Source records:
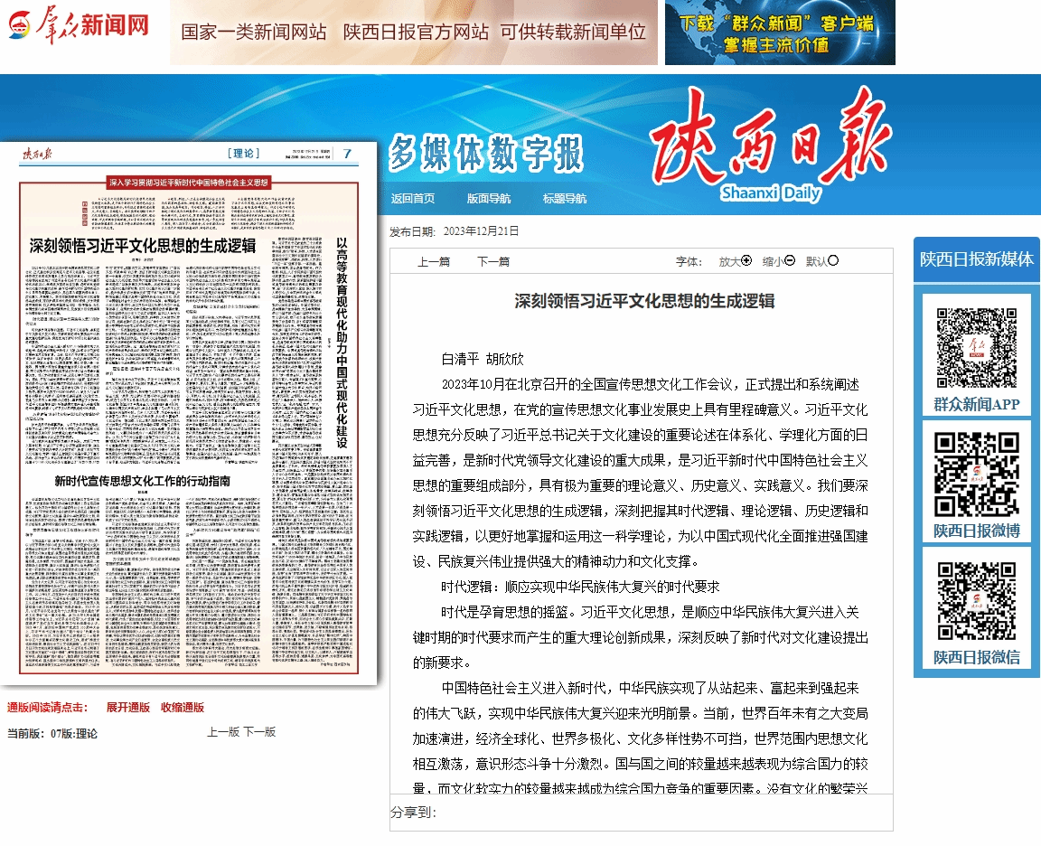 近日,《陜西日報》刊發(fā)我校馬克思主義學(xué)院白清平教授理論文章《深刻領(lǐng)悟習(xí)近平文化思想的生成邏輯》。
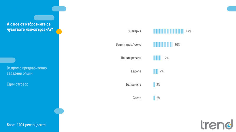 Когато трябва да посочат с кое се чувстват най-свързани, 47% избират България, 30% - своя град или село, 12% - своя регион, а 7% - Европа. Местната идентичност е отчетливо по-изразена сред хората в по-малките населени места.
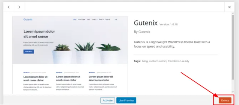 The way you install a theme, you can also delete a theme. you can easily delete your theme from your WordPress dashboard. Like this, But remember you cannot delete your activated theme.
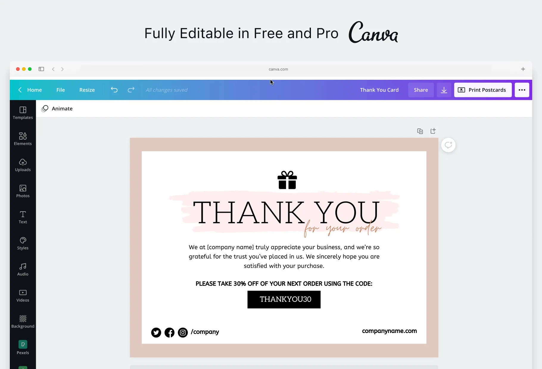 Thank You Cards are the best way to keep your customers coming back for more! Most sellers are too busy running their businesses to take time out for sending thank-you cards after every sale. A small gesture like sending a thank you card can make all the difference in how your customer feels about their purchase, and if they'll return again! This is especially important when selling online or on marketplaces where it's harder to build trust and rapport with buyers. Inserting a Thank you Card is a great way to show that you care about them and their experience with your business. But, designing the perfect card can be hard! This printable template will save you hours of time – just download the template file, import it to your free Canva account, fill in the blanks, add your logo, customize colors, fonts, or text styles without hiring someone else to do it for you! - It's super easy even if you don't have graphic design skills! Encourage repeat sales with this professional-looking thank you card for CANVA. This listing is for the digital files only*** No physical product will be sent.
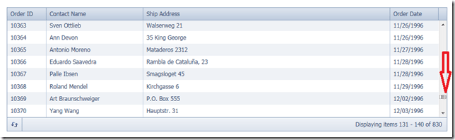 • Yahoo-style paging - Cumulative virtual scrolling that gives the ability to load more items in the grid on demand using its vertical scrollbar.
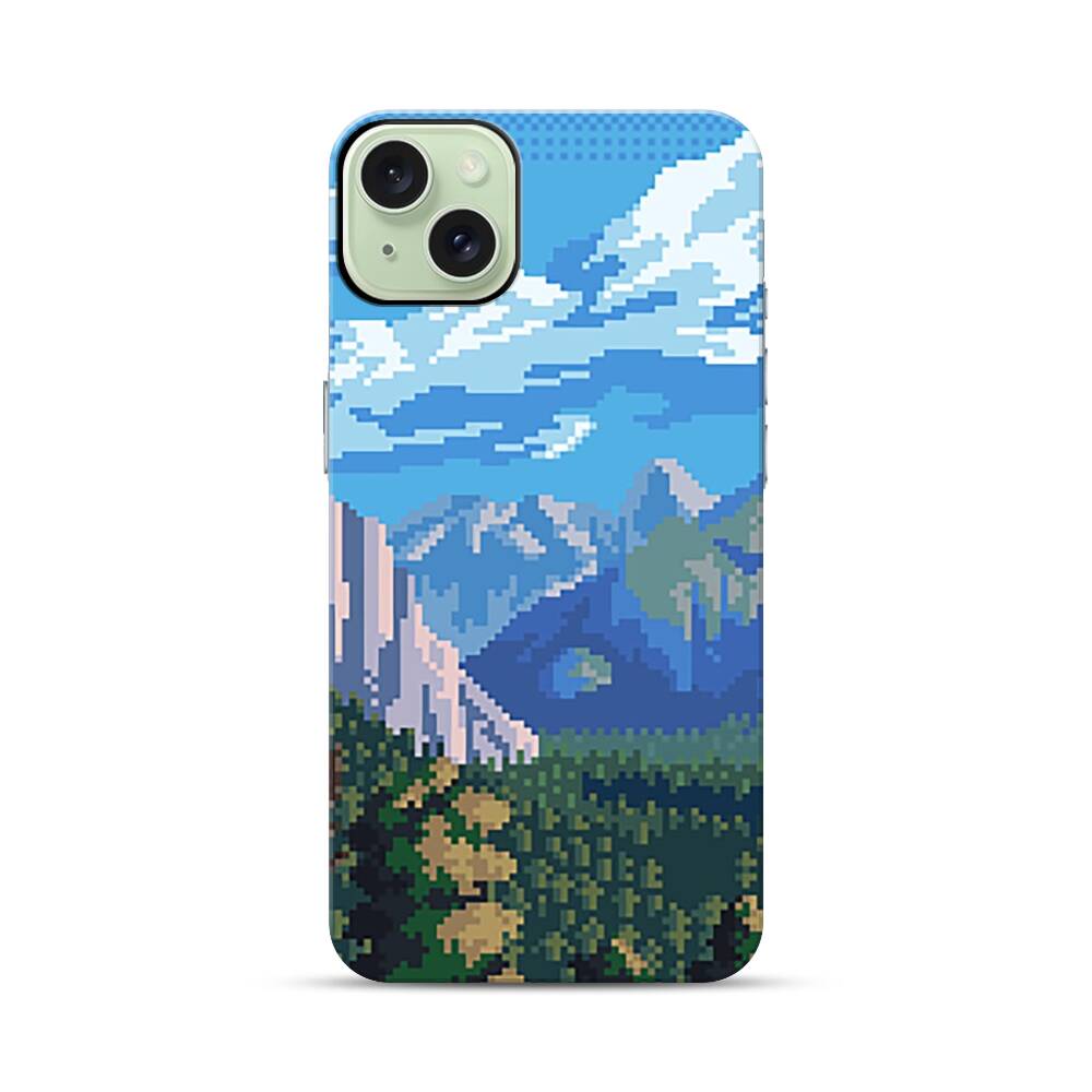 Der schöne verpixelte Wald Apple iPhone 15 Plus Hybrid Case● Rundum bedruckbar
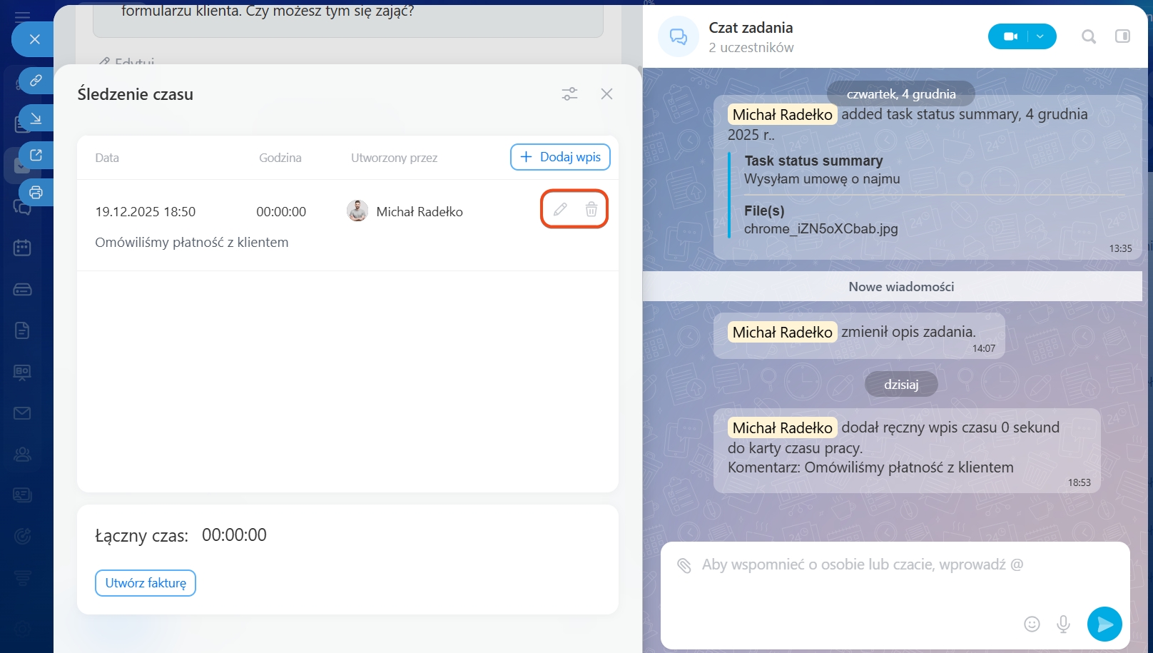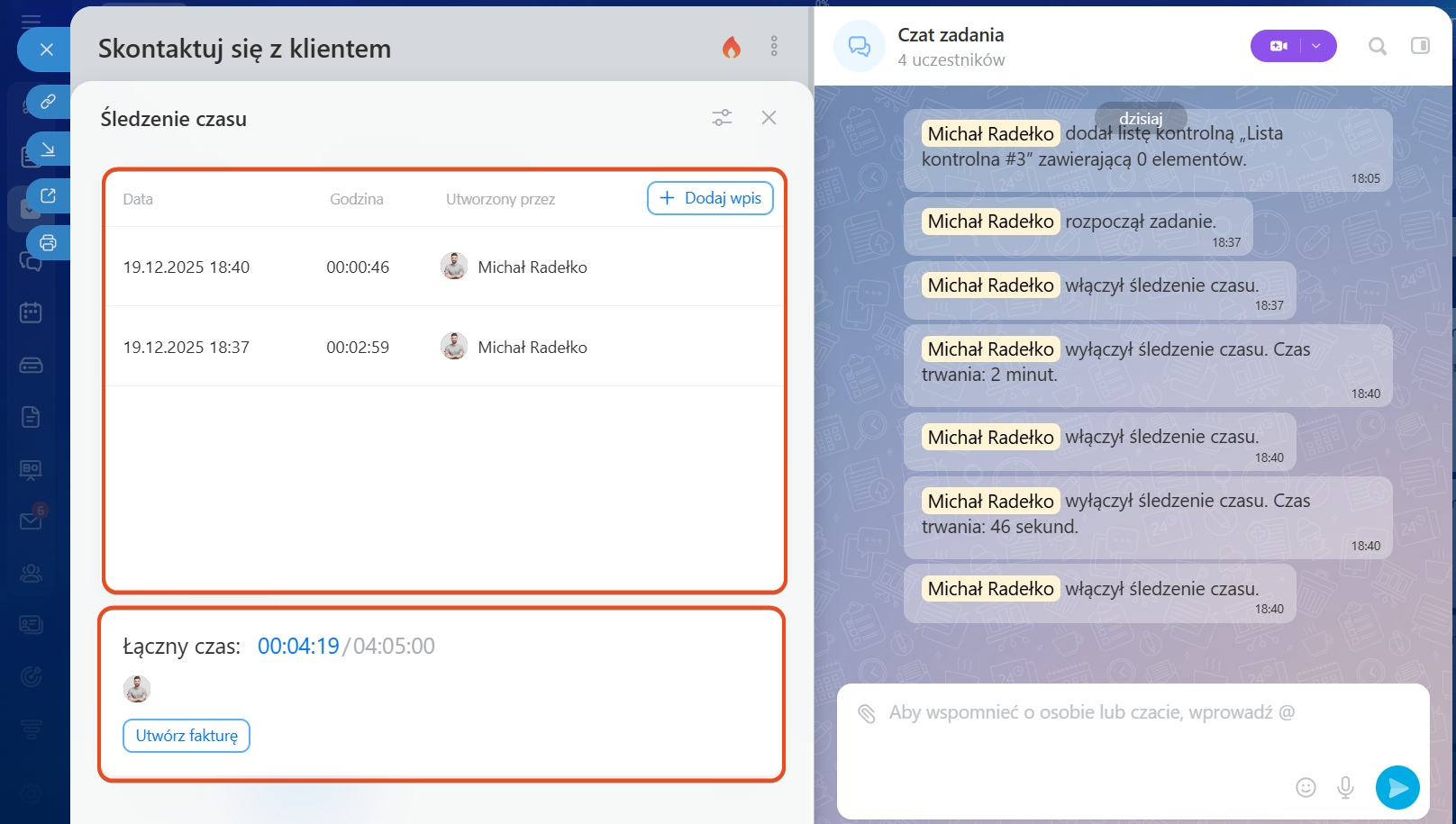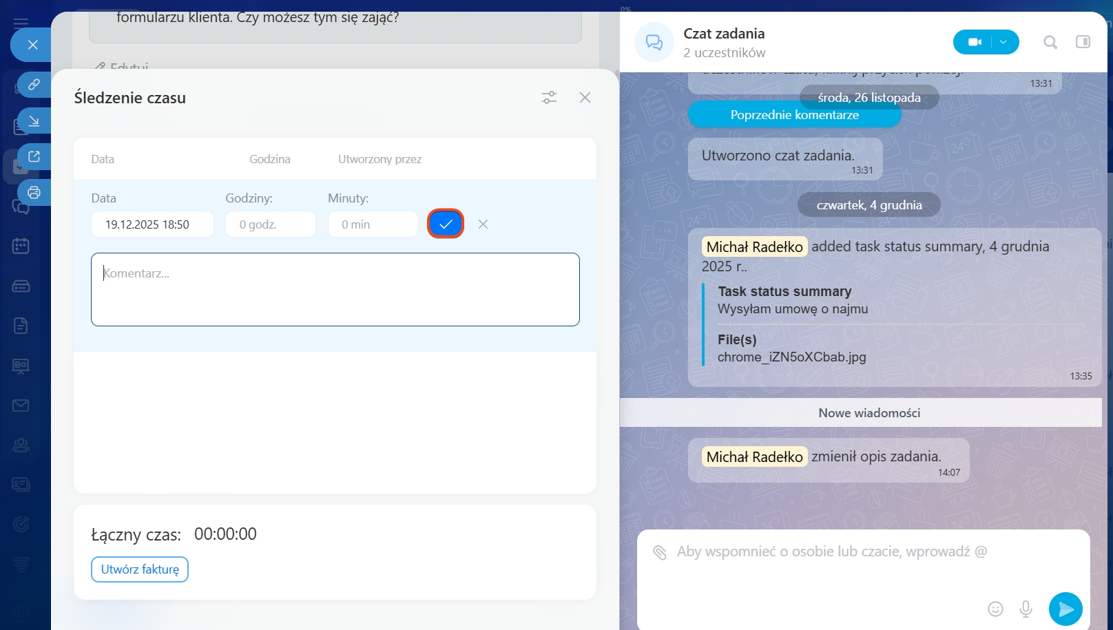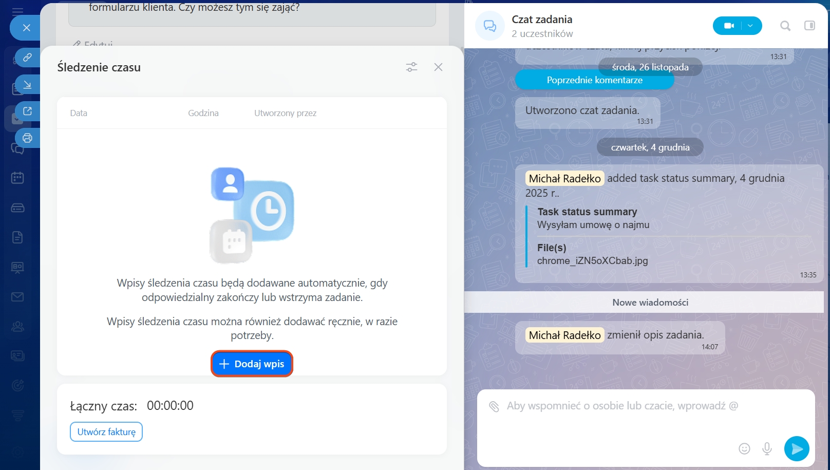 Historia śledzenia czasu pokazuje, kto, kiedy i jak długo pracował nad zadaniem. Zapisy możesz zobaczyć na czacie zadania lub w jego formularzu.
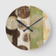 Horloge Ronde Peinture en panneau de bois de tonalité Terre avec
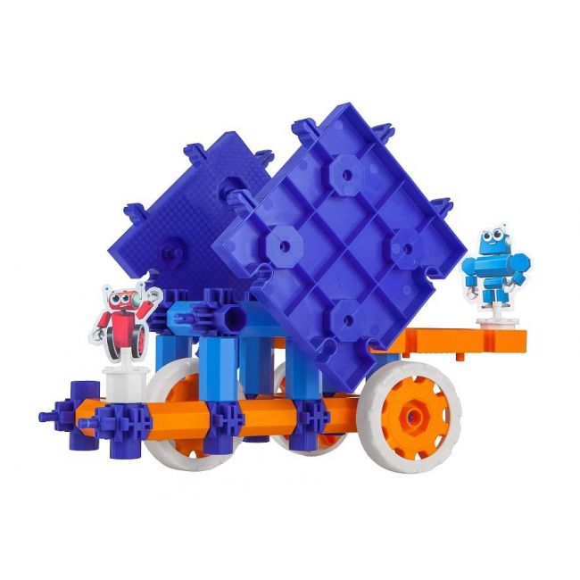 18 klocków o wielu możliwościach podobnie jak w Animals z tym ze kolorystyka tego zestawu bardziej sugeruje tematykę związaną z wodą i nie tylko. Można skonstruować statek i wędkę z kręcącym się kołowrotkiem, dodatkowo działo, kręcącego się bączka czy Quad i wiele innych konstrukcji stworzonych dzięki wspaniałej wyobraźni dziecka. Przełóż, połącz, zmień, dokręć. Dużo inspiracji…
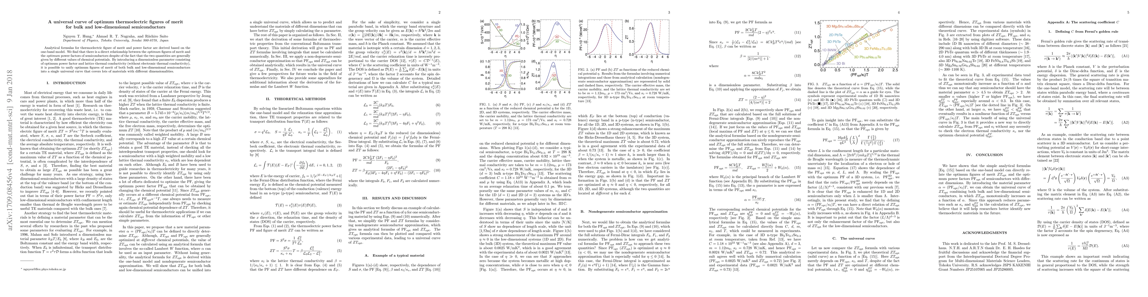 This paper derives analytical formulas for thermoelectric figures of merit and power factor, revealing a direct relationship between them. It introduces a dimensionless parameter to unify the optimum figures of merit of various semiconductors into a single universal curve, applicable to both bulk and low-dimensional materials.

# [About this task]
Copy exactly, and copy nothing else: the lines from the start of the data above through the line that holds "The way you". The pictures stay out.

# [Solution]
 近日,《陜西日報》刊發(fā)我校馬克思主義學(xué)院白清平教授理論文章《深刻領(lǐng)悟習(xí)近平文化思想的生成邏輯》。
 Когато трябва да посочат с кое се чувстват най-свързани, 47% избират България, 30% - своя град или село, 12% - своя регион, а 7% - Европа. Местната идентичност е отчетливо по-изразена сред хората в по-малките населени места.
 The way you install a theme, you can also delete a theme. you can easily delete your theme from your WordPress dashboard. Like this, But remember you cannot delete your activated theme.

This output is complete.